不分部位,酒精在嘴内的伤口上灼烧着。詹姆士一皱眉,直接仰头,喉头上下翻滚,依然盖着一片白沫的啤酒很快就被灌完。
啪!
厚底的啤酒杯放在吧台上,沉闷的撞击声,让几个中年醉汉慢悠悠的看过来,然后慢悠悠的转回去。
伙计笑了一下,看着双臂硬撑在吧台上,低着头,额头上青筋暴起的詹姆士,伸手拿过空杯,又给詹姆士到了一杯。
“再请你一杯。”伙计把啤酒堆到詹姆士面前,“试着让它持续时间长一点。如果老板发现客人面前没有酒,我会被骂,谢谢。”
詹姆士在忍耐下憋红的脸抬起,又看了一眼这个伙计,还是没说话,但伸手握住了啤酒杯。
这不是詹姆士进入的第一间酒吧,纽顿市整理过来的资料中已经对‘搏击俱乐部’的模式有了十分彻底的描述,酒吧和俱乐部,这种容易与陌生人产生交集的地方,是他们招募的主要场所。
而在纽顿市搏击俱乐部的成员历史中,调酒师,呃,没这么高级,吧台伙计处在元老的地位。

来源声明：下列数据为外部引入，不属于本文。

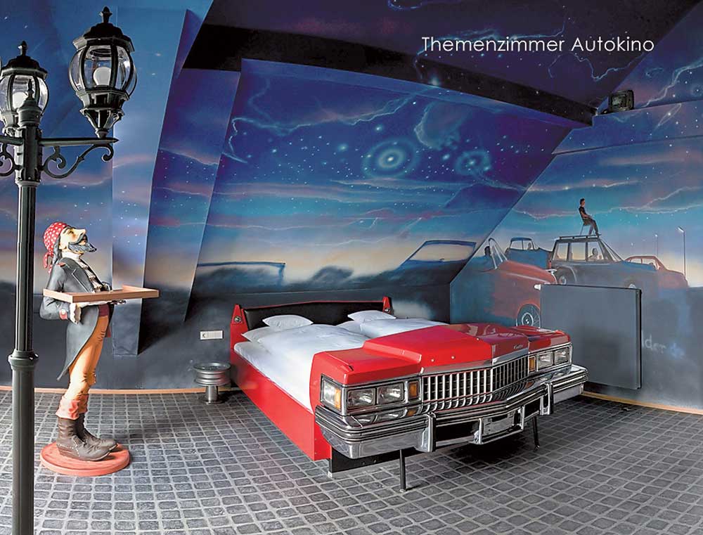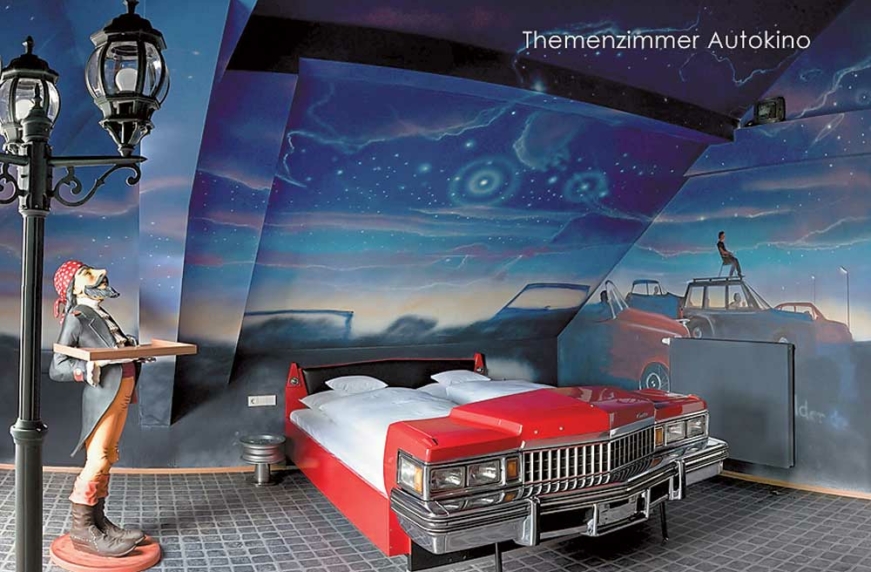 В пригороде Штутгарта открылся оригинальный отель V8. Для постояльцев доступны 34 комфортабельных номера, оформленных в «автомобильном» стиле. Каждая деталь, каждый квадратный метр здесь посвящен автомобилю. Фасадом для кроватей служат передние части знаменитых моделей Cadillac, DKW, Mercedes-Benz, Volkswagen и т. д. Стены украшены многочисленными фотографиями и картинами на автомобильную тематику, колпаками колес, выхлопными трубами, рулями, приборными панелями и сотнями других запчастей. Гостиница является частью информационно-развлекательного комплекса Meilenwerk, который включает автомобильный музей, реставрационные мастерские, уютный ресторан и выставочные павильоны.
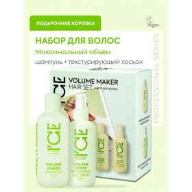 рофессиональный шампунь для жирных волос «Максимальный объем» Volume Maker shampoo ICE Professional мягко очищает кожу головы, уплотняет и приподнимает тонкие пряди от корней. Очищающее средство регулирует работу сальных желез, делает локоны послушными и плотными, придаёт мягкость и блеск. Ухаживающие компоненты себорегулирующего проф состава направлены на замедление выработки себума, уплотнение и густоту. Органический экстракт полярной березы способствует устранению избыточной жирности, продлевает свежесть и прикорневой объем. Биотин — восстанавливающий и укрепляющий витамин красоты. Работает на восстановление поврежденной пористой структуры, повышает эластичность и упругость локонов. Регулирующий и уплотняющий шампунь Айс для быстропачкающихся волос дает результат — пряди густые и крепкие как после салонной процедуры. PRO TIPS: рекомендуем перед нанесением шампуня вспенить его в ладонях для более глубокого очищения. Уходовая косметика — хорошая идея, что можно подарить женщине на любой праздник или просто так, без повода. Подарочный продукт для здоровья гладких и ухоженных волос станет приятным дополнением к подарку для нее под елку — девушке, сестре и дочке подростку в День рождения. Порадует маму, бабушку и подругу на 8 Марта и День матери. Интересный новогодний и рождественский женский презент на Новый год и Рождество коллеге. В линейках российского бренда натуральной косметики без силиконов и парабенов Натуре Сиберике есть все для ухода за собой. Eco и vegan, не тестируется на животных. Солевой текстурирующий лосьон-спрей для объема волос от Ice Professional - это идеальное средство для укладки и фиксации Вашей прически. Натуральный состав направлен на восстановление и разглаживание секущихся и ломких кончиков. Он разработан для уплотнения и укрепления тонких поврежденных волос. Это настоящие витамины для красоты локонов, которые разглаживают кутикулу и избавляют от пушистости, придавая блеск и эластичность. Полярная береза устраняет избыточную сальность и обеспечивает обьем от корней. Что отлично подойдет для жирных волос. Биотин действует на утолщение прядей, повышает их упругость. Бамбук наделяет легкостью и придает гладкость. Природные компоненты направлены на укрепление структуры, добавляя густоту вашим локонам. Красота прически имеет большое значение для женского настроения. Очень важно делать уход за волосами и выбирать подходящие укладочные средства, пудры и спреи. Наш профессиональный текстурайзер является несмываемым, что значительно сокращает время на укладку. Нанесите спрей на прикорневую зону и по всей длине на влажные или слегка подсушенные волосы. Эксперты советуют перед сном нанести средство и заплести косу для того, чтобы с утра проснуться с идеальными локонами. Такой совет сэкономит время на создание прически. Подарите себе супер объем с нашей уходовой косметикой от Натуры Сиберики. Насладитесь салонным уходом не выходя из дома.

去喝酒的人可能不会搭理来搭讪的家伙,但总要和这些伙计说上一两句的,他们是最容易与人进行交流的人。
但是现在的巴顿面临一个很尴尬的局面,他们可没理由理由随意抓捕一堆吧台伙计,然后审问对方有没有犯罪。
‘啊,不好意思,我那天喝多了,以为那个路牌是我的一个仇人,所以踢了两脚。’
如果审问出这样的罪,对案件来说,没有一点意义。